Repeat each entry exactly, but do not carry over the pictures.
-- EXERCISE DATA follows --
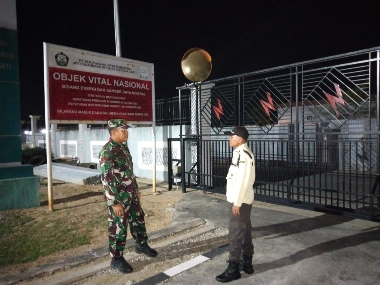 Babinsa Sungai Sibam dan Satpam Gelar Patroli Malam di Gardu PLN, Pastikan Keamanan Objek Vital.
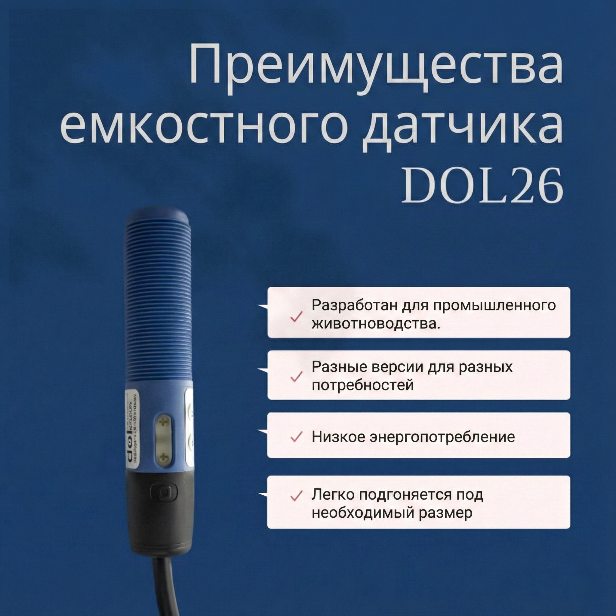 Датчик уровня корма DOL 26 – это небольшой емкостный датчик, который подходит для кормушек. Благодаря механической конструкции DOL 26 идеально подходит для использования в небольших системах с ограниченным пространством, например в кормушках на птицефабриках. Таким образом, датчик находится вне зоны досягаемости животных.Преимущества и гарантия
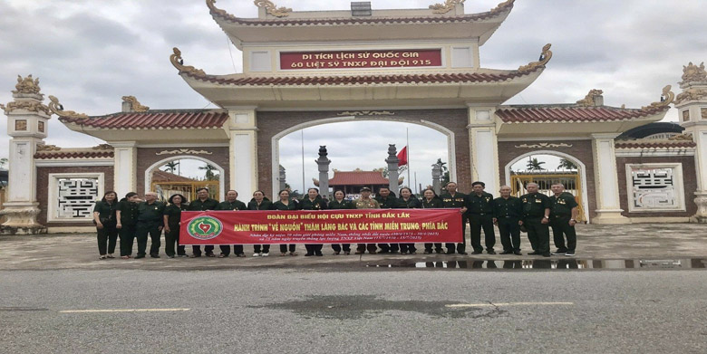 Chụp ảnh lưu niệm tại Di tích lịch sử Quốc gia 60 TNXP Đại đội 915, Đội 91 Bắc Thái – môt trong những hoạt động “về nguồn” do Tỉnh hội tổ chức
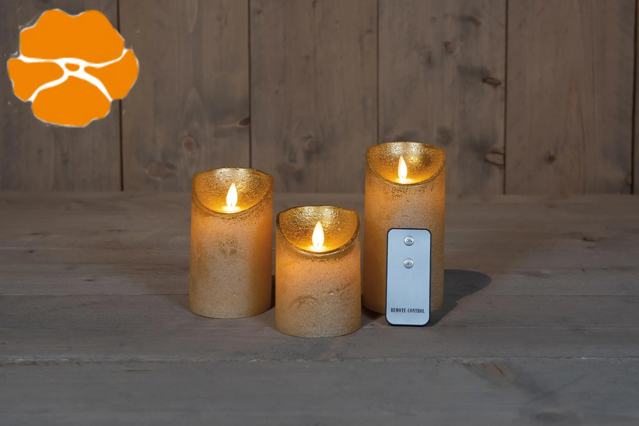 3ST KAARS GOUD WAX RUSTIEK BEWEGENDE VLAM 7,5X10/12,5/15CM - 3X3AAA INCL. AFSTANDSBEDIENING
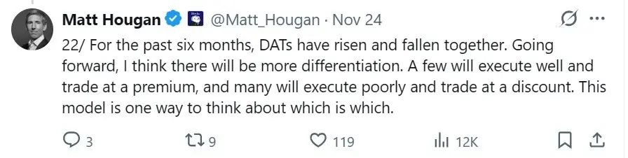 Bitwise首席投资官Matt Hougan表示,过去六个月显示DATs往往会同步波动,一同上涨和下跌。
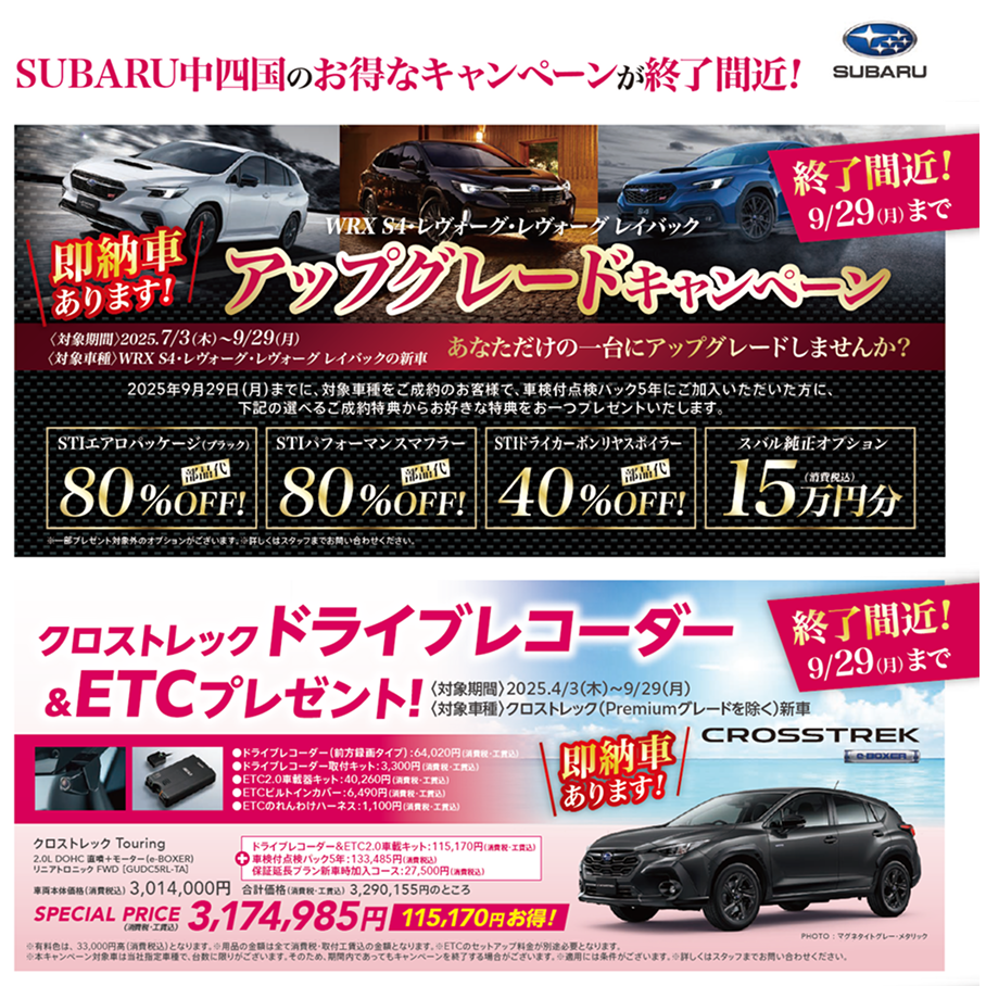 アップグレードキャンペーンやクロストレック ドライブレコーダー&ETCプレゼントなど
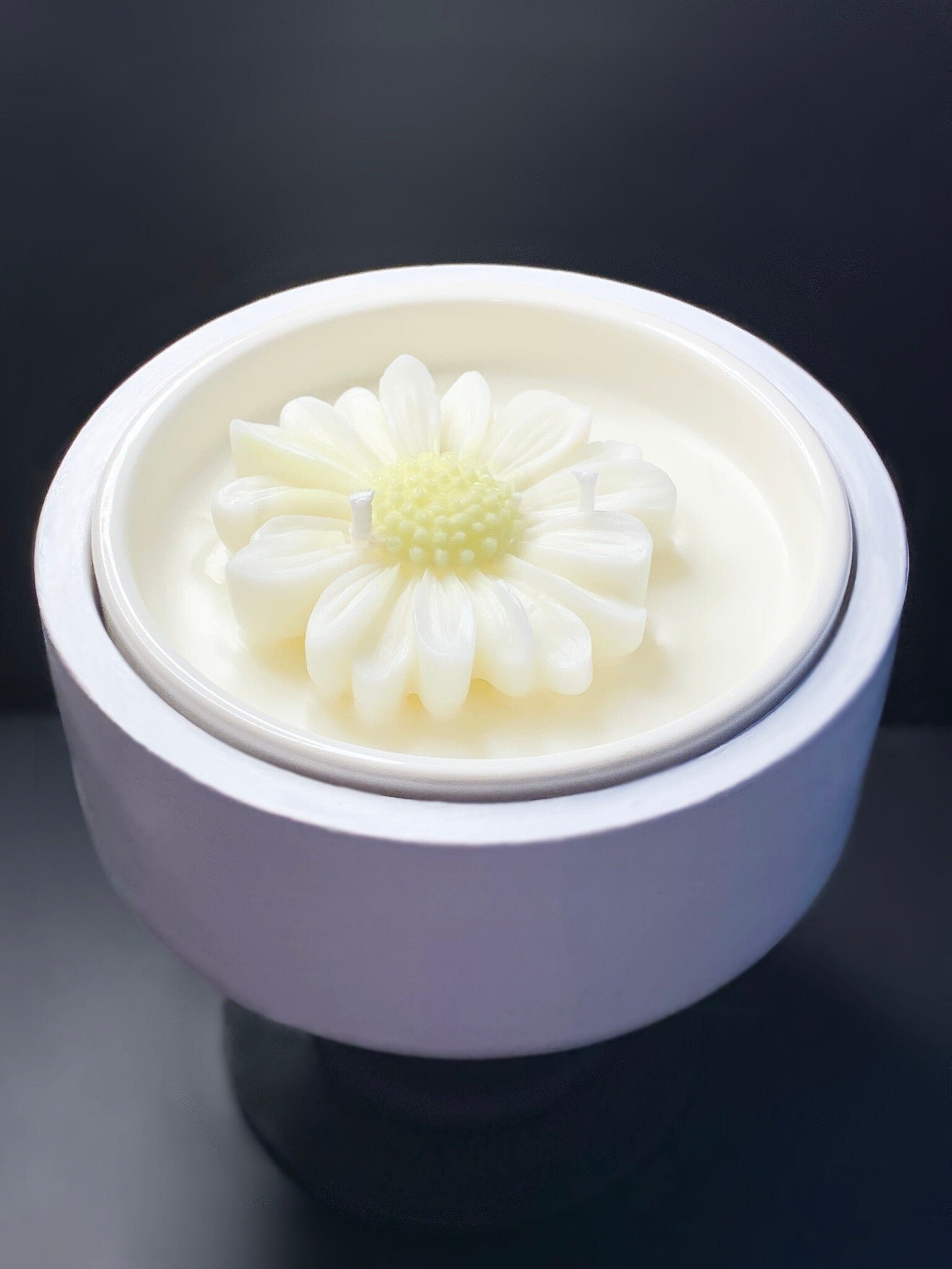 The Classy Candle is designed to elevate your hosting experience. It features a beautiful hand-crafted gypsum bowl, delicately perched atop a sturdy black stem, filled with a luxurious, double-wick parasoy wax candle.
-- EXERCISE DATA concluded --
▶ [ANSWER SPACE]:
 Babinsa Sungai Sibam dan Satpam Gelar Patroli Malam di Gardu PLN, Pastikan Keamanan Objek Vital.
 Датчик уровня корма DOL 26 – это небольшой емкостный датчик, который подходит для кормушек. Благодаря механической конструкции DOL 26 идеально подходит для использования в небольших системах с ограниченным пространством, например в кормушках на птицефабриках. Таким образом, датчик находится вне зоны досягаемости животных.Преимущества и гарантия
 Chụp ảnh lưu niệm tại Di tích lịch sử Quốc gia 60 TNXP Đại đội 915, Đội 91 Bắc Thái – môt trong những hoạt động “về nguồn” do Tỉnh hội tổ chức
 3ST KAARS GOUD WAX RUSTIEK BEWEGENDE VLAM 7,5X10/12,5/15CM - 3X3AAA INCL. AFSTANDSBEDIENING
 Bitwise首席投资官Matt Hougan表示,过去六个月显示DATs往往会同步波动,一同上涨和下跌。
 アップグレードキャンペーンやクロストレック ドライブレコーダー&ETCプレゼントなど
 The Classy Candle is designed to elevate your hosting experience. It features a beautiful hand-crafted gypsum bowl, delicately perched atop a sturdy black stem, filled with a luxurious, double-wick parasoy wax candle.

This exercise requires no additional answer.